Михаил слушал и поражался, совсем ещё отрок, вон даже борода ещё толком не растёт, так, две волосинки пробиваются, а говорит вещи, что и всей Думе с её старцами в головы не придёт.

– А как же ополчение дворянское? – поинтересовался Филарет.

– Сколько того ополчения и какого оно качества. Каждый должен своим делом заниматься, крестьянин должен пахать, а военный воевать. Ещё и про стрельцов нужно подумать. Они должны целый день тренироваться, вон, как в Вершилово. И тогда это будет войско. А сейчас они больше о своих лавках думают, некогда им воевать, кто тогда в лавке сидеть будет, – разгорячился Пожарский младший.

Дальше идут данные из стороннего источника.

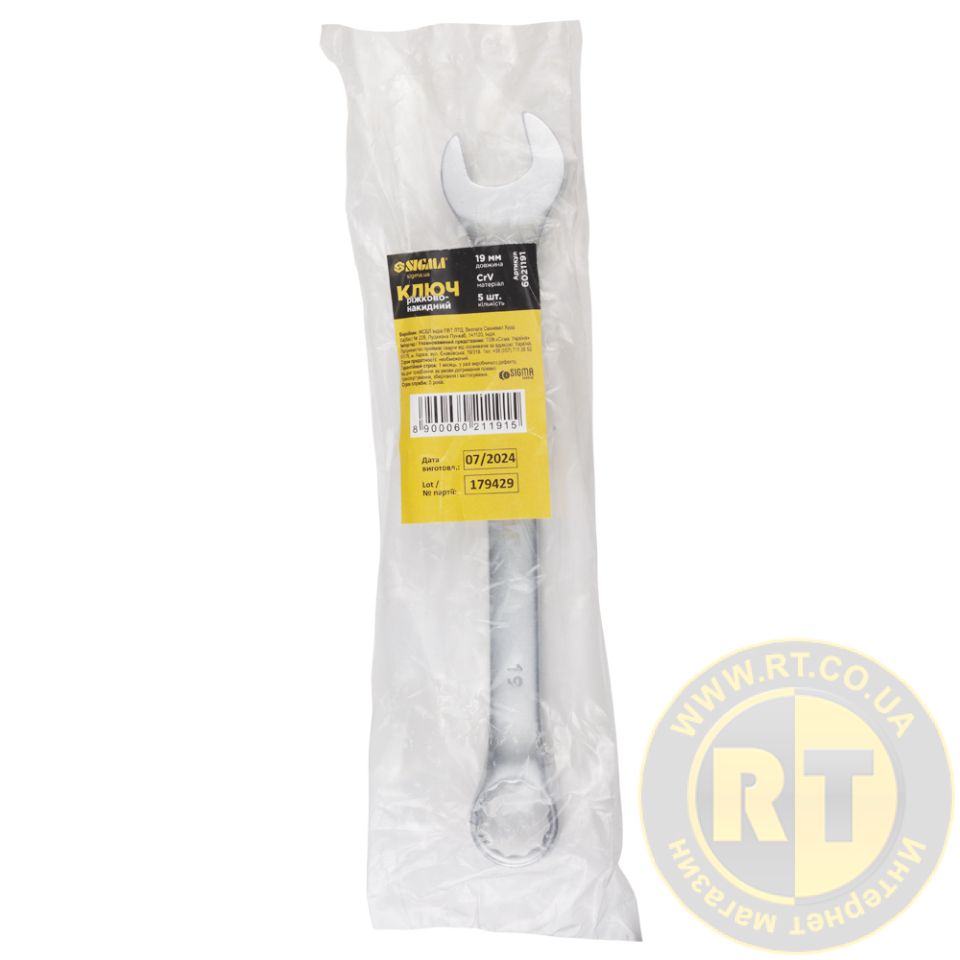 Ключ ріжково-накидний 19мм CrV satine SIGMA (6021191) виготовлений з хромванадієвої сталі, має антикорозійне покриття з хрому, матова поверхня (сатинова).

– Ведь это у тебя, Петруша, деньги есть, а у некоторых только то, что деревенька из трех‑четырех дворов вырастила, – не согласился Михаил Фёдорович.

– Дворянин должен в полку служить сотником, скажем, и за это деньги получать. А если занялся хозяйством, то не вор, управляющий должен им заниматься, а сам. Коров купить надоистых, пшеницу урожайную и так далее. А получается, что и воевать не умеет и хозяйствовать тоже. Разве можно на этих людей положиться. Ладно. Прости Великий Государь, за резкие слова. Наболело. Говори, царь батюшка, зачем звал? – отходя, расцвёл улыбкою Пётр.

Михаил по этой улыбке узнал вчерашнего задиристого мальчишку. Поумнел, с немцами общаясь, а задирою остался.

– Считай, обо всём уже и поговорили, – усмехнулся Михаил Фёдорович, – Хочу сказать только, что франкское посольство к себе дюже довольное отправилось. Думаю, договор быстро привезут. Только правильно ли поступили, такую великую тайну, как фарфор им открывая?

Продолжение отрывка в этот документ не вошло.